Crossroads was Ralph Macchio's attempt to
prove that he wasn't a one-trick pony with the Karate Kid series.
The trouble is, he picked a film with almost the exact same
premise: young kid gets trained by an old mentor to defeat his
enemies. Yet the film manages to tell its story so well that
it works.
Macchio stars as Eugene Martone, a guitar
prodigy studying classical music at Juliard. However, Eugene
isn't interested in the classical stuff. His passion is for
the Blues.
One of Eugene's idols is blues man Robert
Johnson and he's obsessed with the notion of finding one of
Johnson's lost songs.
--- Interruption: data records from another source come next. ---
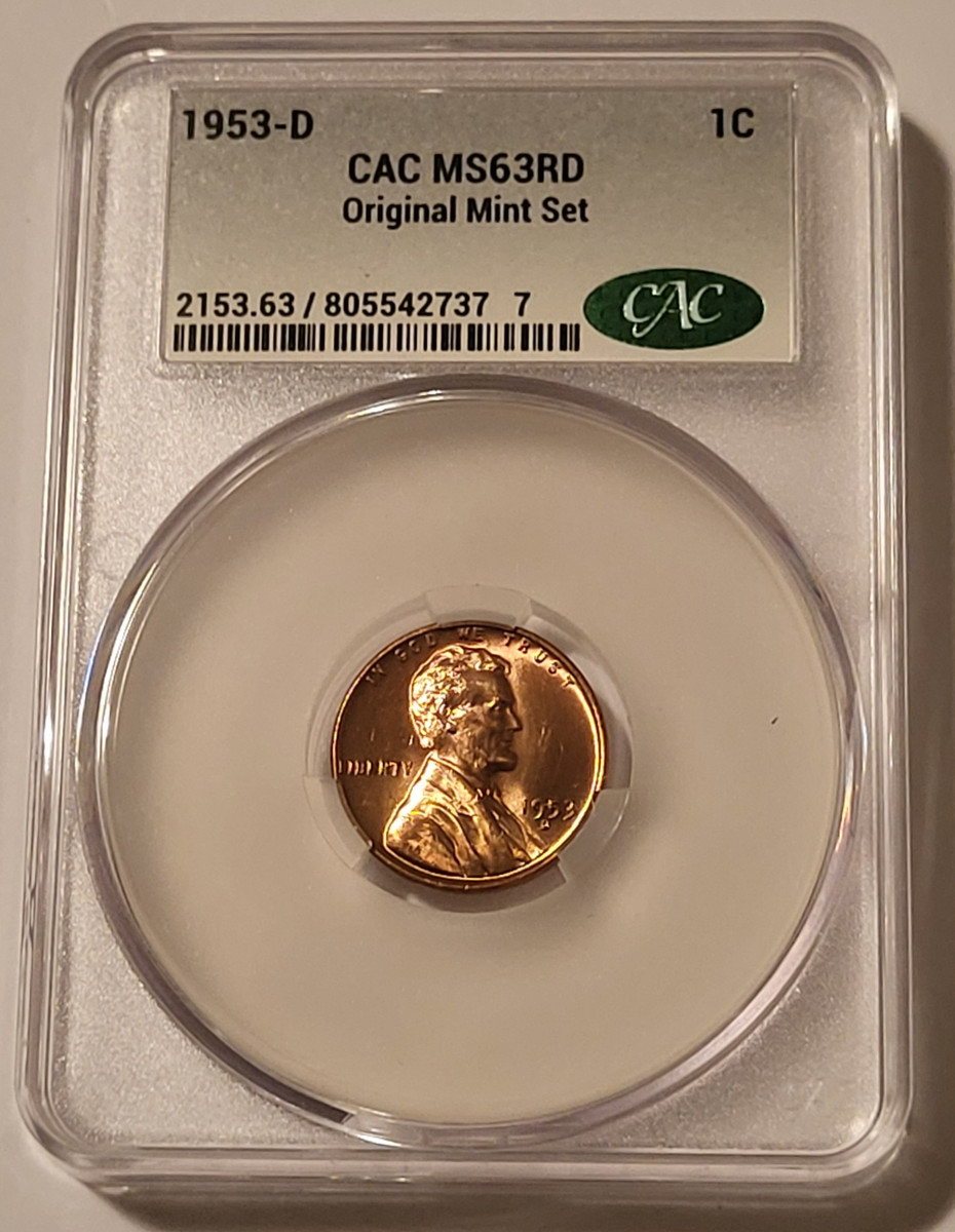 805542737 | 1953 D Lincoln Wheat Cent. Bronze. Mint State 63 Red CACG.
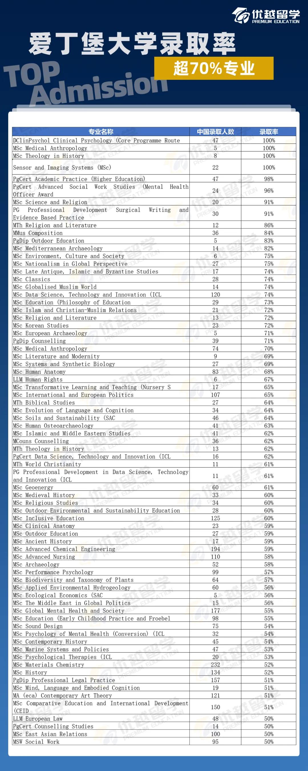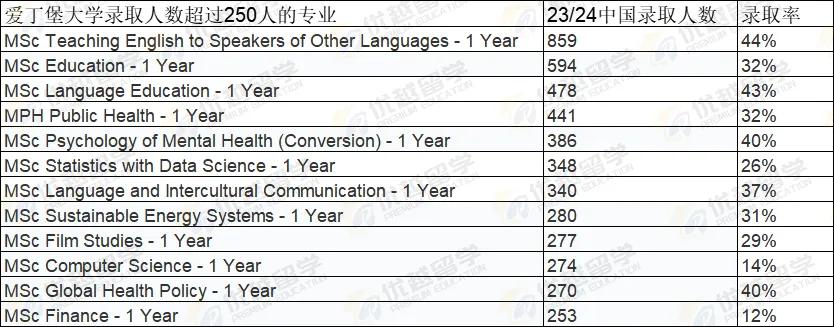 今天,優越君就來為大家詳細盤點愛丁堡大學研究生申請中,哪些專業更傾向于錄取中國學生。考慮到專業眾多,下面會在不同學科領域挑選一個專業作為代表進行深入介紹,完整專業信息可查看下方圖表。話不多說,馬上開啟揭秘之旅!
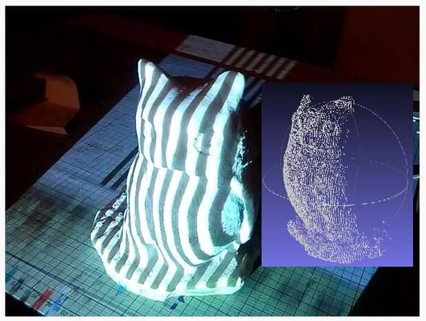 Proyectar una banda estrecha de luz sobre un tridimensional en forma de superficie produce una línea de iluminación que aparezca distorsionada desde otras perspectivas que el del proyector y puede ser utilizada para una exacta reconstrucción geométrica de la forma superficial. Bandas horizontales y verticales de luz proyectadas sobre la superficie del objeto y luego capturadas por dos cámaras Web.
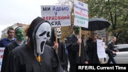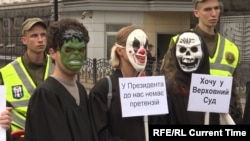 "По моей информации, некоторые из этих недобропорядочных судей дали взятки в размере от 200 до 500 тысяч долларов для того, чтобы попасть в Верховный суд, – объясняет один из участников акции. – И я символизирую такого судью, который считает, что у него есть прикрытие в высших эшелонах власти".
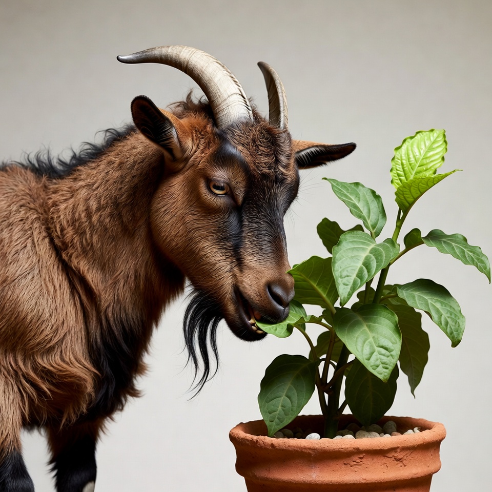 animal, brown goat, chewing leaf, curved horns, cute goat, eating plant, farm animal, goat eating, green leaves, horns, isolated background, leafy plant, potted plant, terracotta pot, goat
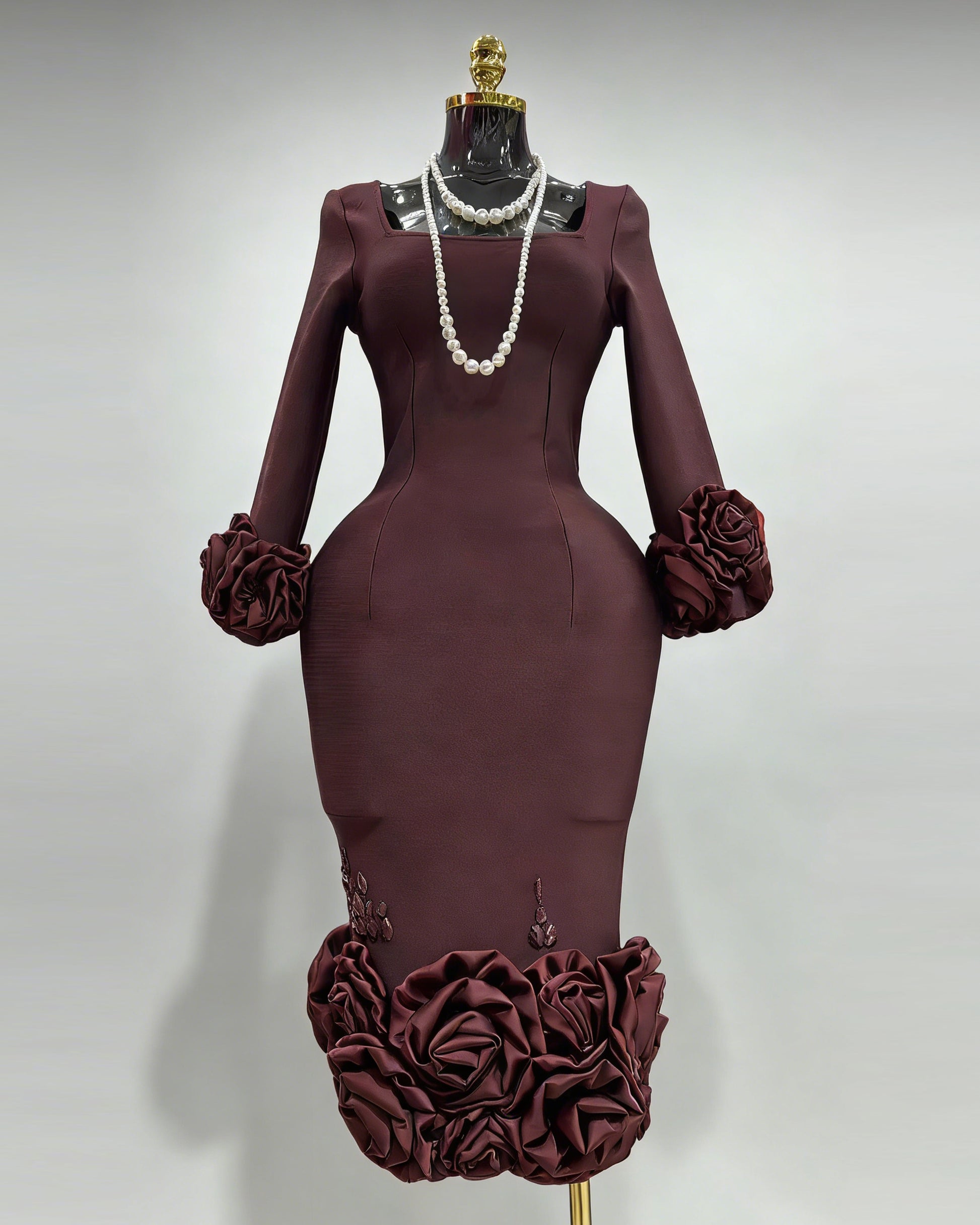 Burgundy 3D Rose Floral Fitted Midi Dress
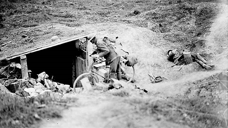 A Canadian cyclist shouting down a dug-out in German for men to come out. Advance East of Arras, September 1918.
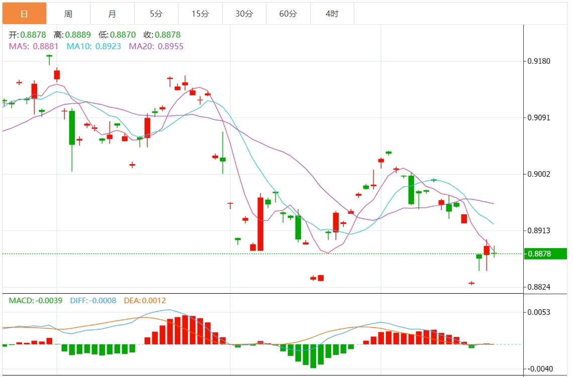 今天的预期交易区间在0.8830支撑位和0.8960阻力位之间。
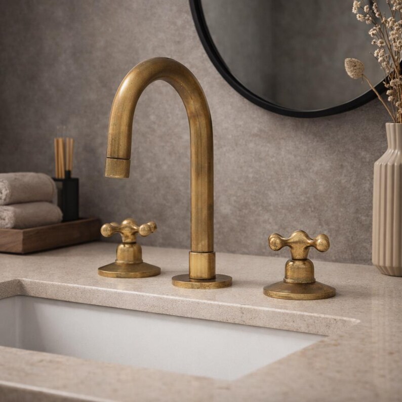 Antiek Messing Widespread Badkamerkraan – 3-Gats Set met Kruishendels
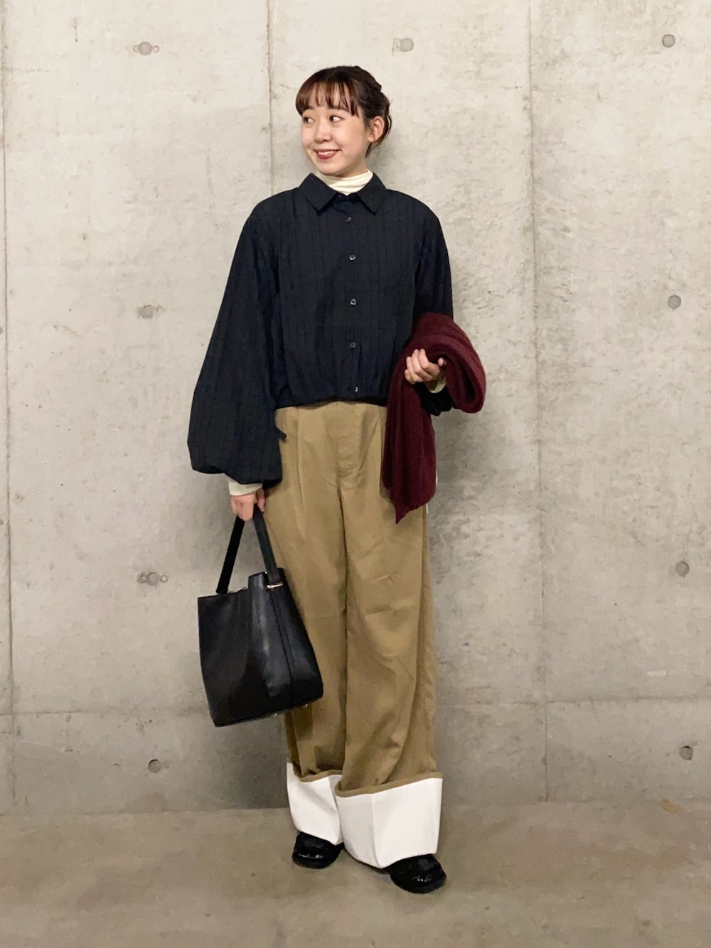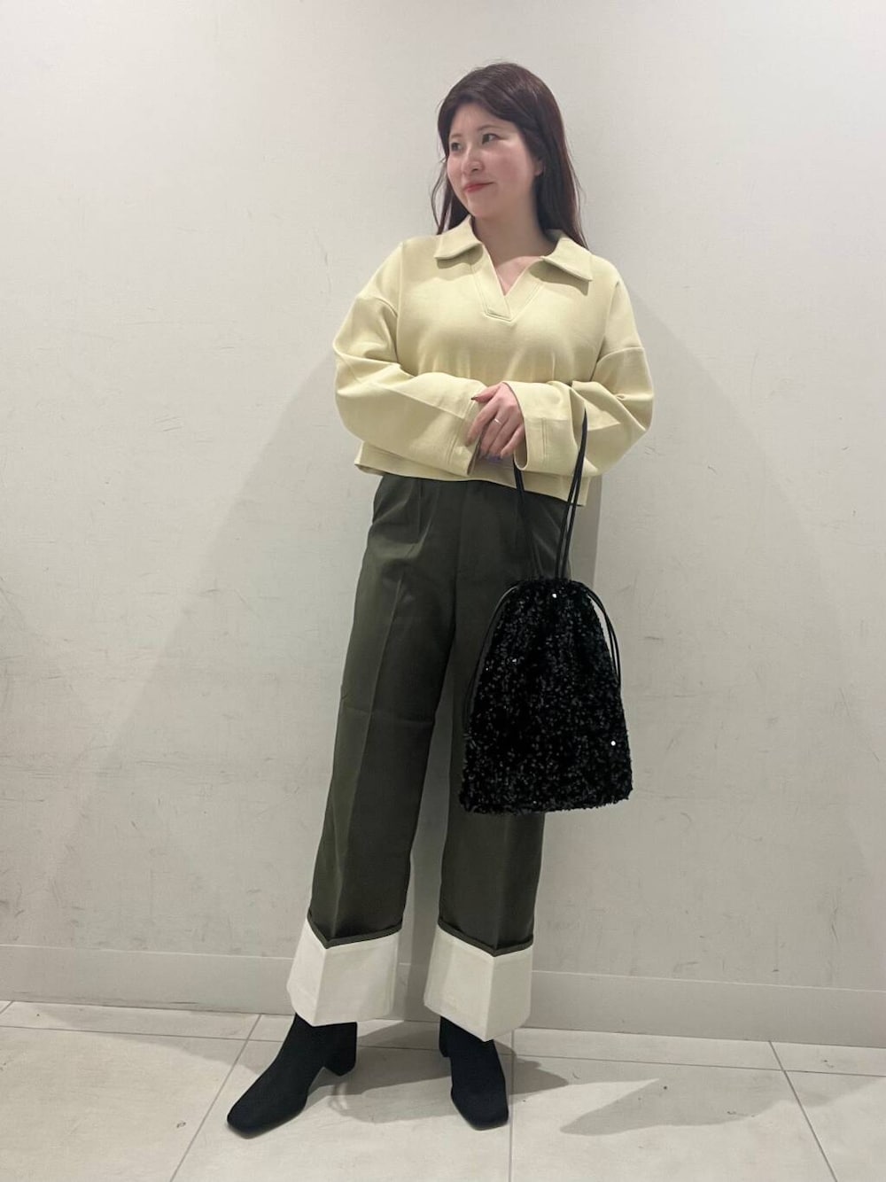 ターンバックデザインが目を引くパンツは組み合わせが広がる万能アイテム。脚長効果も出来るシルエットで、ボリューム感のあるニットとの相性も抜群です〇
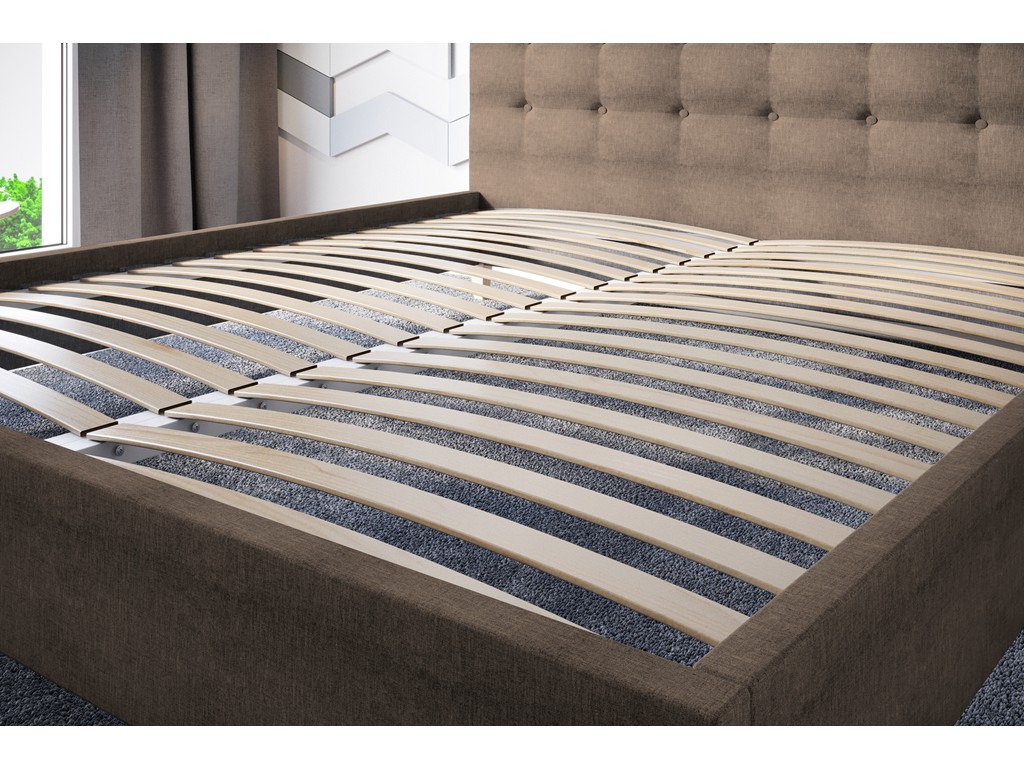 Ciepły brąz materiału nadaje wnętrzu przytulny charakter, a pikowane wezgłowie stanowi wygodne oparcie dla pleców.
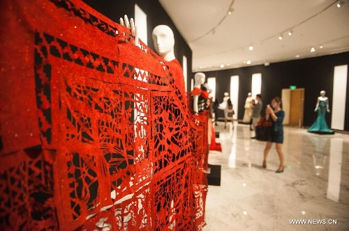 A visitor views an exhibit during the "Reflection of Time - Art of Fashion in China 1993-2012" in Shenzhen, south China's Guangdong Province, April 26, 2014. The exhibition, displaying more than 100 creative works of fashion created by 70 Chinese designers in the past 20 years, is dedicated to showcasing the overall development of Chinese fashion design and the creative concepts. (Xinhua/Mao Siqian)
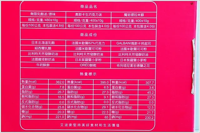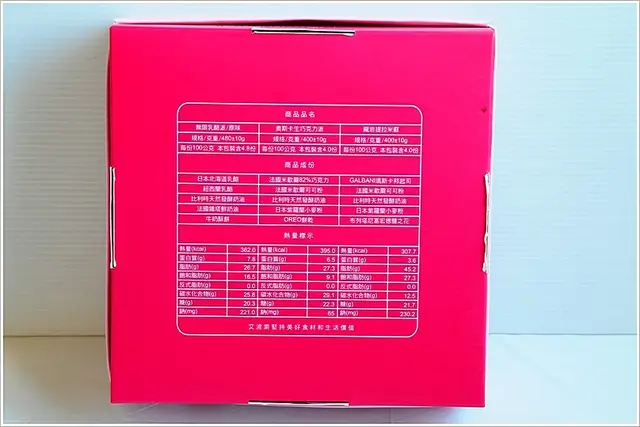 盒底也有各種蛋糕的規格、成份和營養標示。

When Eugene learns that Willie Brown (Joe
Seneca), Johnson's partner, is living in a local nursing home,
he gets himself hired as a janitor in the hopes of befriending
the old man and learning Johnson's missing song.
Willie Brown agrees to teach Eugene the song,
but only if Eugene is willing to break Willie out of the nursing
home and help him return to the south. It seems that the old
man has an appointment at a crossroads, where he once made a
deal with the devil.
This may be starting to sound like a Charlie
Daniels Band song, but the film takes itself seriously and in
doing so, it somehow manages to work.
Eugene, of course, thinks that Willie is crazy,
but he humors him in order to get his lost song. Willie, on
the other hand, thinks Eugene is just a little no-nothing punk
who isn't as smart as he thinks he is, but he does recognize
talent in the boy.
The film maintains a love affair with the
Blues that is shared by the two main characters. The music almost
becomes its own character in the story and Macchio has a way
of convincing the audience that he really might be that good
at the guitar.
The movie climaxes with a showdown with the
devil that could have been completely ridiculous, but the film
gets us there honestly, so we buy it. The showdown doesn't involve
any mystical powers, or fire shooting out of guitar strings,
but instead, the devil simply pits two talented people against
each other and lets it be settled by which one of them wants
it more.
There really aren't any doubts about how it
will turn out in the end, or even the way in which Eugene finally
overcomes his foe, so the real magic of this movie is in the
characterization, the acting and the storytelling.